I wish I could use the Stencil buffer for this, but afaik we can only have one shadow caster pass, and from my testing at least I don’t think the Forward Pass is used when writing to the shadowmap (Still fairly new to shaders, so I may be wrong about some of this). If we can use two or more passes I think the stencil buffer could do this pretty easily.

Otherwise I could write some values to the vertexes before leaving the geometry shader and read them in the fragment shader, but I’m not quite sure how I could determine which pixels overlap between the two meshes when I only have access to one fragment at a time.

Still thinking on it.

Edit: I’m pretty sure I have a good way to do this with the geometry shader. I’ll make/post the code tonight. Hopefully I’m not overlooking anythimg major.

Edit 2: Well that’s what I get for hoping. Ran into a few issues. I’m terrible at matrix math and logic-ing my way around transformations, so got pretty hung up on a few things. In particular I wanted to attach an additional set of UVs to the Fragment Input that when interpolated in the fragment shader, would give me the corresponding UV of the other mesh that I could test against. But that requires I determine the mapping in view space between the two triangles, which turns out to be harder than I thought it would be. Unless I’m missing some handy function that can simplify the mapping.
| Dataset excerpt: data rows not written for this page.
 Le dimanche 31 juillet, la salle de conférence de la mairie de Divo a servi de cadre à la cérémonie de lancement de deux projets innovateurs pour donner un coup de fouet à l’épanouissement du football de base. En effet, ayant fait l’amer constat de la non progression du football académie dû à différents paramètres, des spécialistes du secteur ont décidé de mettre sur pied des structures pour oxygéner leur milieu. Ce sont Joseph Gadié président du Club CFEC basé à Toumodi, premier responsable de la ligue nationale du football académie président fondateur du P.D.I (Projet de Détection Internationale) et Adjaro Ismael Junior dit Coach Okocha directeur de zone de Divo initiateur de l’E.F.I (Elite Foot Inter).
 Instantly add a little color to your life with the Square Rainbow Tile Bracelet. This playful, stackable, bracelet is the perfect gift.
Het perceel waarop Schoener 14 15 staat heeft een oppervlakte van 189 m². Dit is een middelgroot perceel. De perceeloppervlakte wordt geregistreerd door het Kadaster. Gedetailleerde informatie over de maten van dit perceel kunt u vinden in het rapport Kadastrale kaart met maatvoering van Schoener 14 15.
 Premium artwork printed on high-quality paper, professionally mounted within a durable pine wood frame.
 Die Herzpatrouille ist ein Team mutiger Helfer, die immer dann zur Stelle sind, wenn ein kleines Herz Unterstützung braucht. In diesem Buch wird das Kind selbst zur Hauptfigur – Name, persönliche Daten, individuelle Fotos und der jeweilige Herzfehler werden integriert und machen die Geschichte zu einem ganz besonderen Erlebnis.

I also noticed a peculiarity where the billboarding on the shadow from the main directional light breaks when the camera gets too close. Spent too much time on it tonight and burnt out a bit, so I’ll probably give it another shot in a couple days.
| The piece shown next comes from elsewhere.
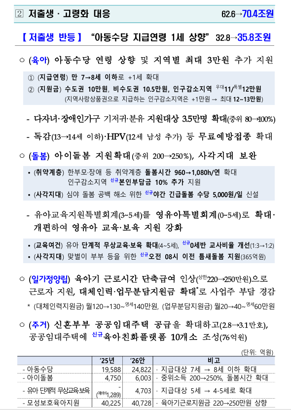| 보육·교육 지원 | 기초생활보장·교육급여 등 확대, 육아 부담 완화 | |
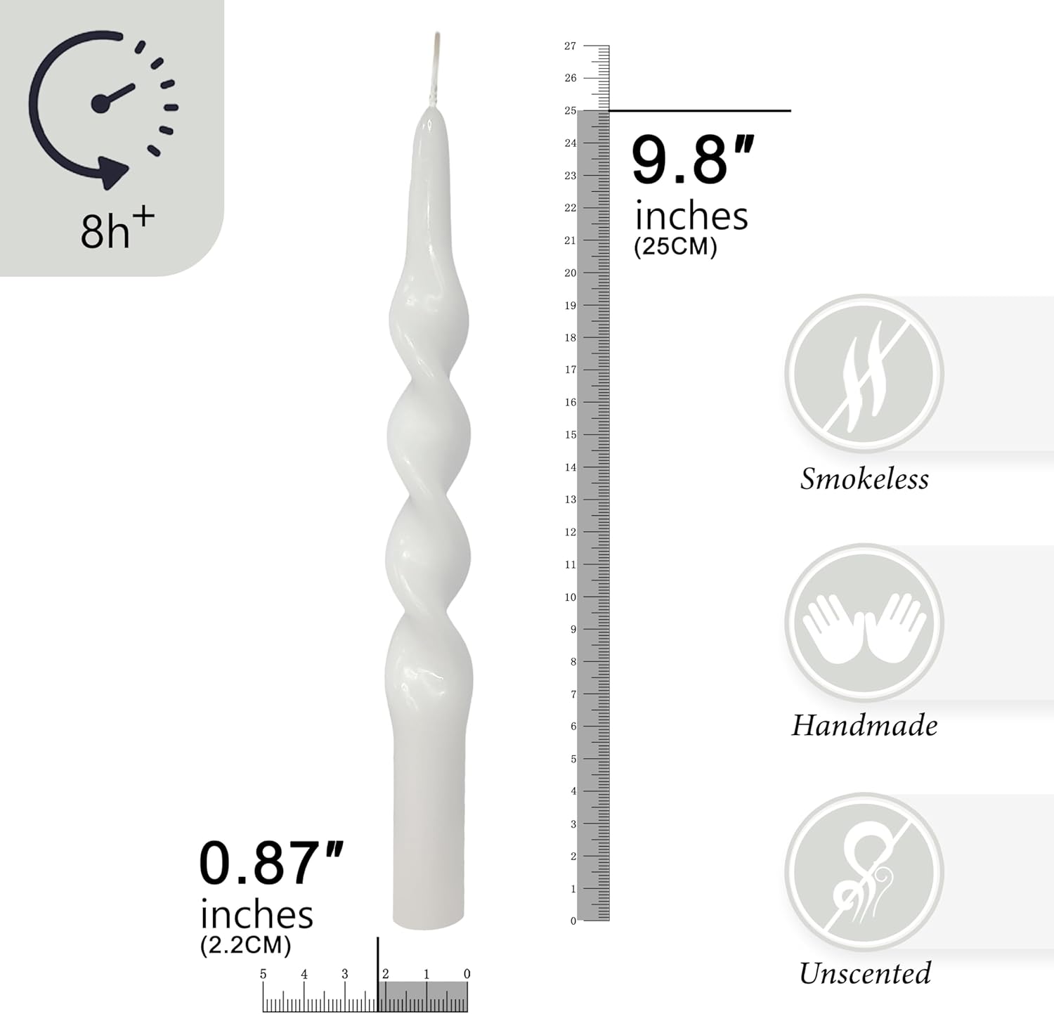 【UNSCENTED & SMOKELESS SAFETY CANDLES】These attractive tall candles are crafted of the highest purity wax, clean cotton wicks and eco-friendly dyes. Our spiral candles are odorless, burn cleanly and leave no residue, dripless and smokeless. ideal for those who are allergic or react to strong scents.

Edit 3: Alright well, this has been a great learning experience, but I’m going to step away from this idea for now. It’s not that I don’t think this solution can work, but I think it’s a very complicated solution and I can potentially come back to this later when I have more experience. For now, I think it comes down to:

  • Either give up on light-billboarded shadows
  • Stop receiving shadow in the forward pass and just fake it (maybe using lightprobes?)
  • Come up with a better way to do my cutout idea than trying to duplicate the mesh and mapping the screenspace shadow onto the rotated mesh (too much artifacting that I don’t think can be fixed.)
  • Or just do what bgolus said was possible and duplicate lights with different lightmasks and have billboarded characters receive light on their own mask (literally duplicating lights in scene, so bad, but technically perfect effect.)

Actually I think I’m going to try the command buffer idea bgolus gave in this post:

Seems like the most correct solution, and might as well learn sometime.